Re: Do everything in Java…
On Thu, Dec 04, 2014 at 09:03:59PM -0800, Walter Bright via Digitalmars-d wrote: On 12/4/2014 6:47 PM, ketmar via Digitalmars-d wrote: and what i also can't grok is test-driven developement. ah, we spent alot of time writing that tests that we can't even run 'cause we didn't start working on the actual code yet. it's splendid! we didn't start the real work yet and we are already bored. i don't believe that this is a good way to develop a good project. What I find most effective is writing the unit tests and the code they drive at the same time. Yeah, in D, I find that whenever I'm writing a tricky bit of code, I always do an :sp in vim and start adding unittests past the end of the function to record the tricky cases that come to mind. It's proving to be extremely useful in keeping bugs out, because sometimes there are just too many special cases to remember to test afterwards, so if you don't write out the unittests right then and there, you'll probably forget some subtle corner case which will inevitably come back to bite you at the most inconvenient time afterwards. As for TDD... or OOD, or whatever other acronym / bandwagon methodology that get invented every 5 years, I've always been a skeptic. I'm pretty sure the underlying ideas are beneficial -- unittests, thinking of your data in terms of objects, etc.. They are useful tools for getting your job done, and done well. But when you start pushing that as the be-all and end-all of programming, it ceases being a tool and becomes an idealogy shoved down your throat -- everything Must Be A Class Even When It Only Has Static Methods, You Must Write Tests All Day Before Writing A Single Line Of Code, ad nauseaum -- that inevitably results in needlessly convoluted code that isn't actually *better* than more straightforward code to begin with, as well as coders who hold the strange belief that by following the proposed magic formula their code will magically become correct even if they never even bothered to *think* about their programming problem. As Walter once said: I've been around long enough to have seen an endless parade of magic new techniques du jour, most of which purport to remove the necessity of thought about your programming problem. In the end they wind up contributing one or two pieces to the collective wisdom, and fade away in the rearview mirror. -- Walter Bright T -- Music critic: That's an imitation fugue!

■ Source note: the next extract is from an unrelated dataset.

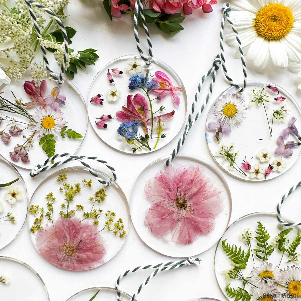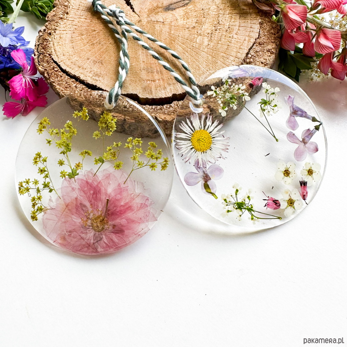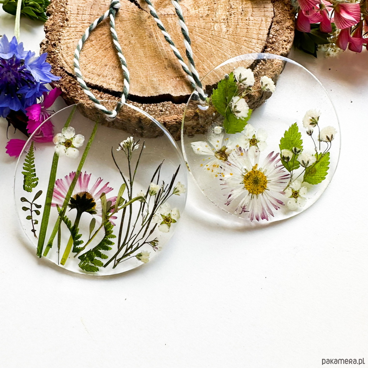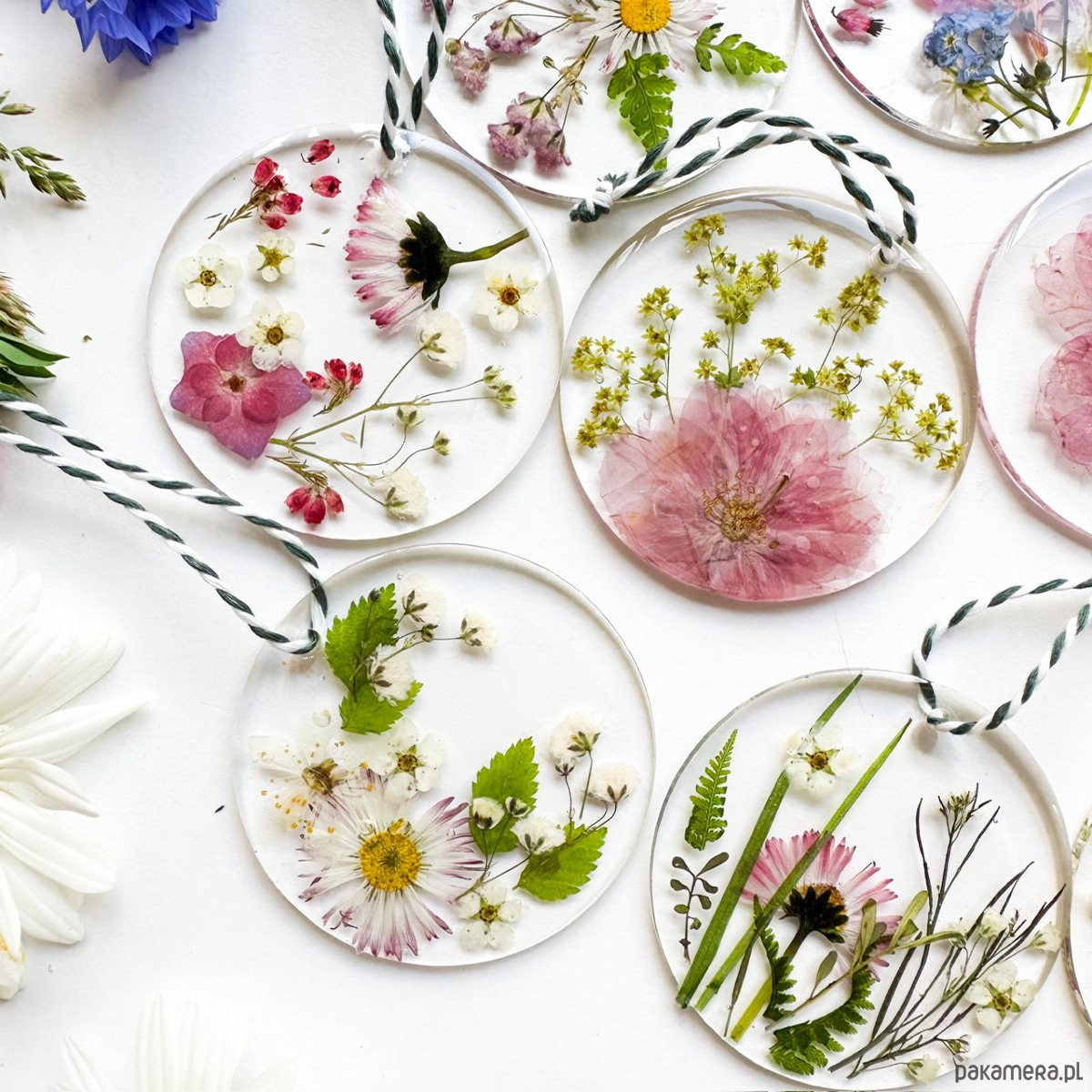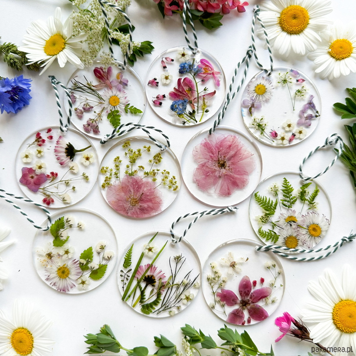 Niepowtarzalne, ręcznie robione bombki z pokrytymi żywicą suszonymi kwiatami. Zestaw zawiera 10 sztuk bombek wykonanych z pleksi (zatem nie da się ich stłuc). To świetny pomysł na niebanalny, wyjątkowy prezent- na życzenie klienta mogę dołączyć karteczkę z dedykacją.

Re: Do everything in Java…
On Friday, 5 December 2014 at 12:42:16 UTC, Chris wrote: I read some comments in D code on github saying extend unit test to include XYZ. So it's already been tested, it works and it will never be added, just like the We require adding test cases to match Phobos changes not because it is necessary to ensure obvious. It is there for regression control so that new behavior won't be broken 2 years later by some random change in compiler / other part of Phobos.
Re: Do everything in Java…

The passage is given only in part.